So I have been on the hunt for a wifi system that would auto-transfer devices from one Access Point (AP) to another. Due to an issue that Apple has not fixed (and seemingly will not fix) is auto-transferring clients from one to another.
Is Unifi AP long-distance the answer? I will find out and post the results here once I have tried it out.
UPDATE: YES – BUY THESE. THEY ARE AWESOME (and why not a 3 pack!). They have guest Wifi (with ability to join a VLAN) and normal modes. They are easy to configure – real easy. See my next article to know how to use them with a pfSense router with a VLAN for a guest network.

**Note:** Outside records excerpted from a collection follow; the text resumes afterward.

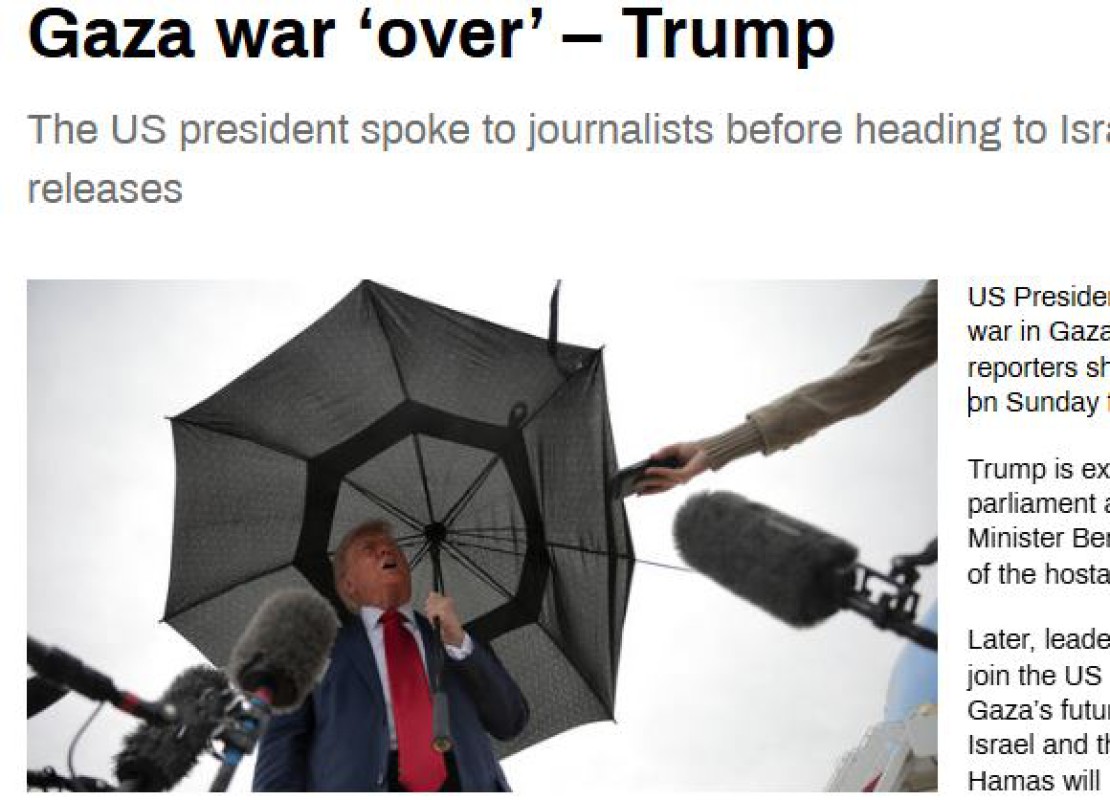 ဂါဇာစစ္ပြဲက ၿပီးဆုံးသြားၿပီလို႔ အေမရိကန္သမၼတေဒၚနယ္ထရမ့္က တရားဝင္ထုတ္ျပန္ေၾကညာခဲ့ပါတယ္။ ေဒၚနယ္ထရမ့္ဟာ အစၥေရးႏိုင္ငံကို သြားေရာက္ဖို႔အတြက္ ေလယာဥ္ေပၚမတက္ခင္ ယခုလိုထုတ္ျပန္ေၾကညာခဲ့ တာျဖစ္တယ္လို႔လည္း သိရပါတယ္။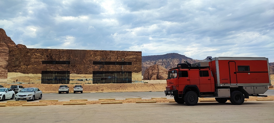 Es war schon relativ spät und wir wollten nicht mehr die lange Reise nach Wadi Disah antreten. Stattdessen sind wir nur zu einer weitere Felsformation, dem sog. Rainbow Rock gefahren. Ich habe eine andere Wasserstelle in IOverlander gefunden, die auf dem Weg zu Rainbow Arch lag und die wir angefahren sind. Hier war der Druck viel besser, innerhalb kürzester Zeit waren unsere Tanks voll. Neben der Straße waren überall Baustellen: die Straße wurde erweitert, ein neues Resort und eine Tankstelle mit kleinen Touristenmarkt wurde gebaut. Von der Straße zum Felsbogen haben sie schon eine Schotterstraße angelegt, es wird nicht mehr lang dauern, und hier wird es auch so ausgebaut wie bei Elephant Rock. Aber jetzt waren wir fast alleine, nur 2 junge Belgier haben wir getroffen, die mit ihrem Mietwagen zum Fels gefahren sind. Wir haben uns noch ein bisschen unterhalten und zusammen den Sternenhimmel bewundert, bevor sie zurück nach Al Ula gefahren und wir ins Bett gegangen sind.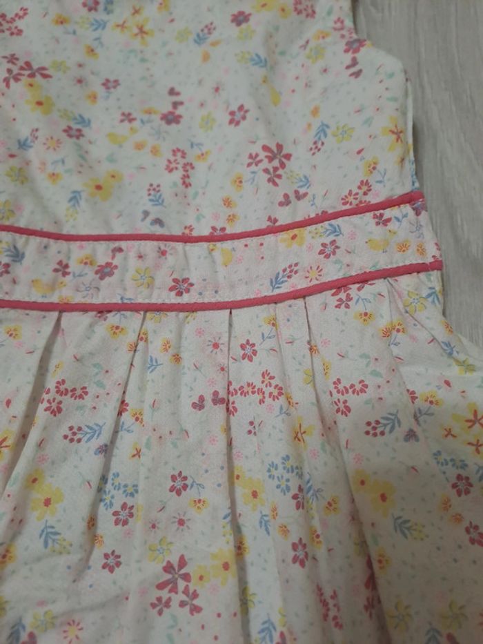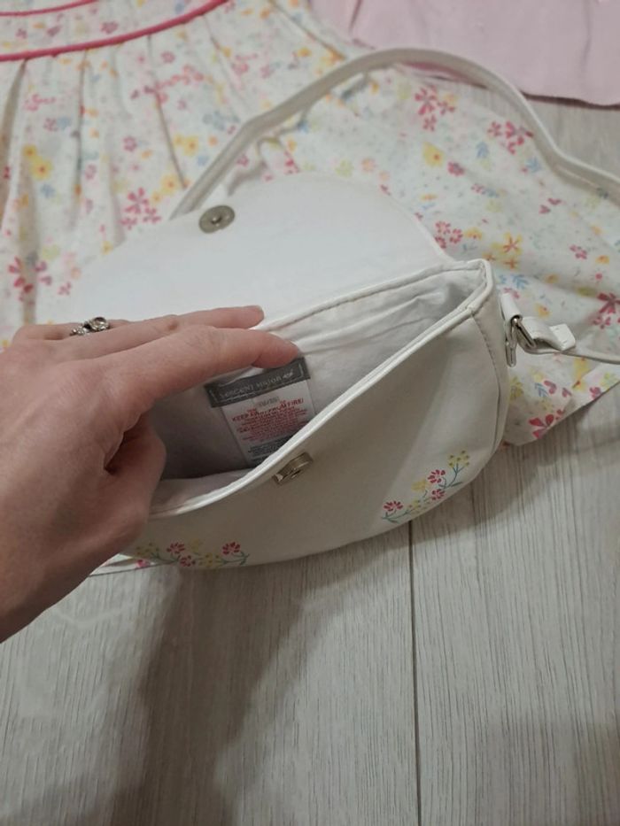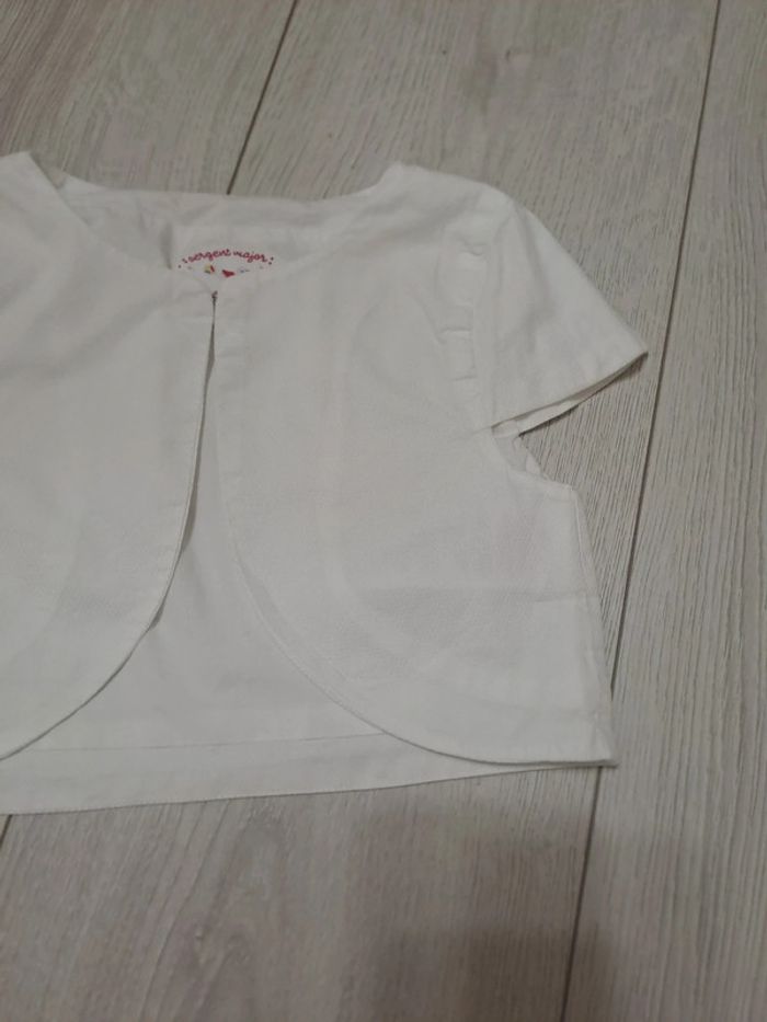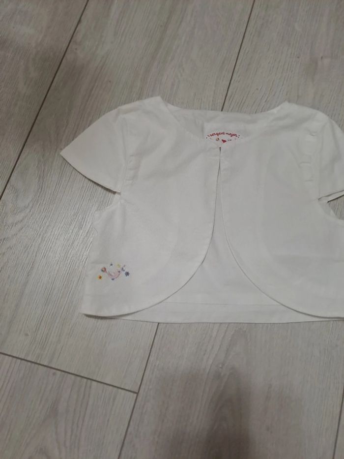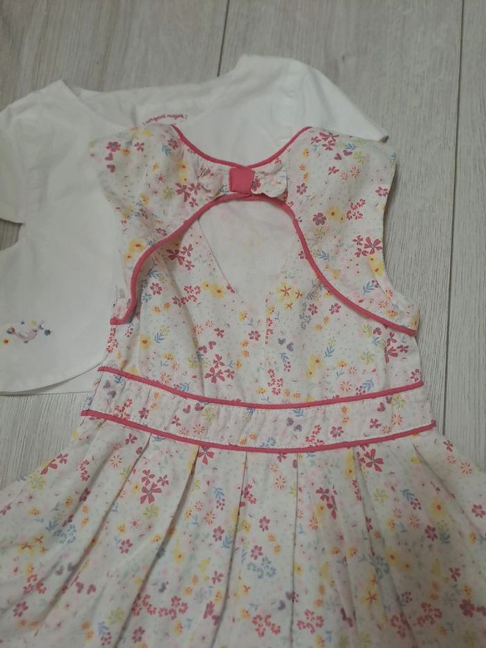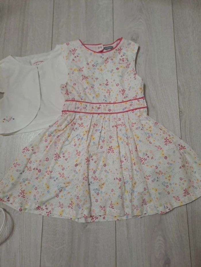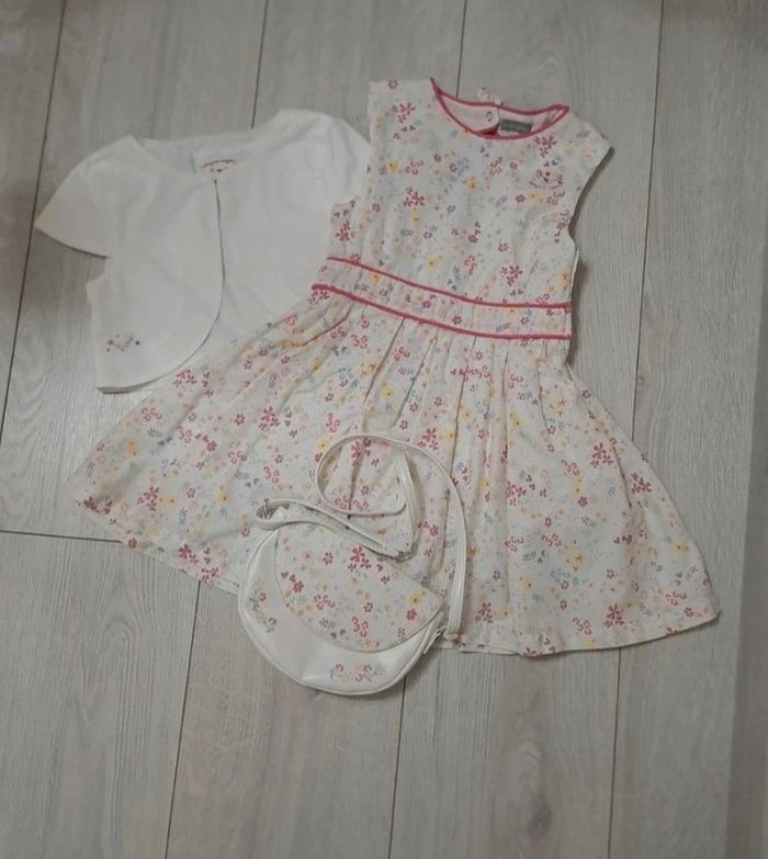 Ensemble de cérémonie excellent état (porté 1 fois) "Ballade dans les nuages" - Robe crème motif fleuri rose/jaune/bleu. Joli dos ajouré avec petit noeud. A noter une légère decoloration rose au niveau des bordures rose de la taille. - Boléro sans manche 6A blanc assorti. Oiseau brodé Le sac assorti en vente 12 euros dans mon dressing!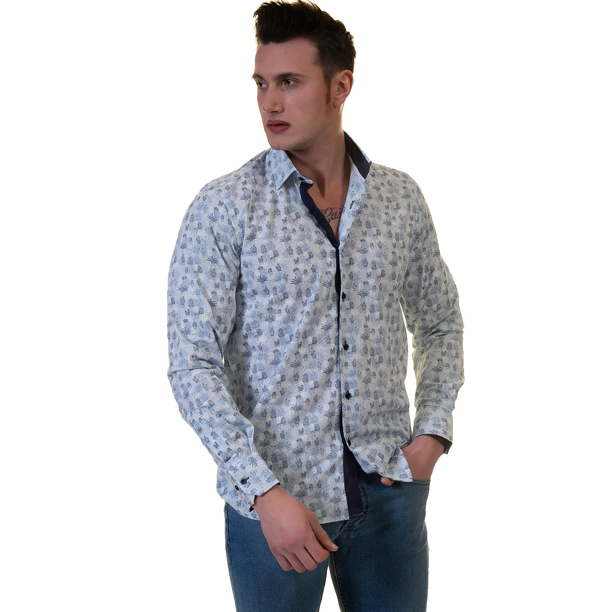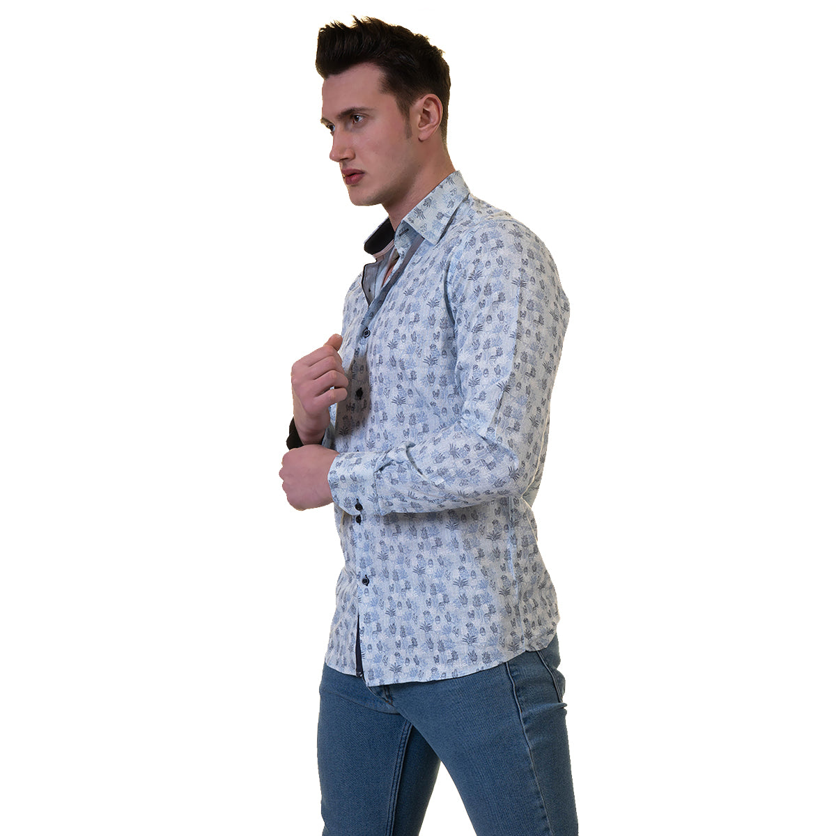 Light Blue Floral Mens Slim Fit Designer Dress Shirt – tailored Cotton Shirts for Work and Casual Wear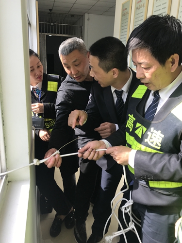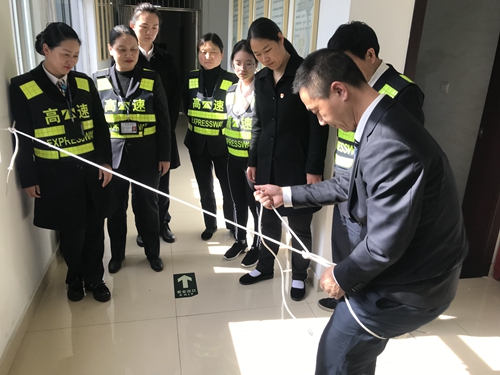 圖為演練現(xiàn)場 隨著所長孫明偉提問式的開場白,近日,臨海南收費所以班組為單位,分四天集中開展全員逃生繩演練活動。全所員工積極參與、親身體驗,活動達到預期效果。 整個演練過程中,培訓人員詳細講解了打繩結的方法與注意要點,現(xiàn)場氣氛踴躍。通過開展此次活動,本所員工不僅掌握了逃生繩的使用方法,提高了高層逃生自救能力,而且進一步提高了面對突發(fā)火情的應對能力,增強了“防火防災”的安全意識。 陳瑩

[UPDATE Fall 2015: Important anti-frustration tips at bottom of my other article … I have installed 3 customers with these units and STILL love it … just follow those updates’ advise.]
History this far. I have several clients who are in 1970’s re-bar filled buildings where wifi does not penetrate. Wifi extensions like WDP share the bandwidth between clients and each other as a backbone – hence the bandwidth is just not full. One client who is mostly mac computers work fine around the building no matter what philosophy one uses but iOS (iPhone, iPads etc.) do not transfer. Those devices hang on desperately hang on to the wifi signal even if a stronger one with the same or different (I have tried both) SSID is used. If you turn the wifi on and off – it picks up the new strong signal no issue. I have tools that monitor signals, MAC addresses and signal strength.
Unless one goes to a properly managed wifi system ($1500+) using different SSID’s around the building is the most intuitive way for small businesses is the way to go. People just get it “hey, this one sucks – lets try this other one that has -more bars-“.
However, this is no way to run a system. WDS is the other obvious answer but being a purist – it bothers me especially if many are used – then the speed gets slow within the building and laptops (which are used for normal file stuff) also suffer.
Two of my clients are churches – so a B-Class (255 * 255 clients) network is important and bandwidth is at a premium so WDS is not acceptable. Now we bought an over-priced ($280) Cisco router and their B-Class is STILL limited to 255 clients – this is a mis-representation since B-Class means 255*255 and they do have a class B pulldown. My plan is to somehow mix a pfSense box with some of these AP’s and see how the roaming/handoff is as well as how many devices we can put on this guest network.
I will post my results here or put a link here to a new article. Wish me luck. UPDATE: It worked – it is awesome. Click here to view my suggestions on configuring things and which articles helped me out and could help you out too.
Ordering list:
http://soekris.com/products/net5501-70-board-case.html
http://soekris.com/products/psu/psu-12v-3-0a-world.html (Qty: 2 just in case)
Reading between the lines – 192.168.0.0/16 is an invalid network. I made the same mistake 15 years ago, and the only thing that complained at the time was a Linksys WRT54GL.
Turns out that in the days of classful networks, 192.168 is 255 separate /24 networks and should not be treated like a single /16. Some kit enforces this restriction still.
So your best bet is to use 10.somethingunique..x.y/16 or 172.16-31.0.0/16
Mental! Thanks for this – what you said is an easy work around. I still use Unify stuff – but it can be a pig to set up and … it does last a long without touching it so I book 2x as long as it should take. It takes 4x though 😉
for KRACK – having troubles upgrading. For the DEVICES (eg AP-LR, AP-PRO etc) TAKE THE s off the https:///to/their/bin/file when you drop the upgrade path to the Unit’s upgrade path. Took me 3 hours. I have 13 of these to upgrade for 3 clients. ARRRGGGG. I still they are a pig, but their “easy update” is getting better and better.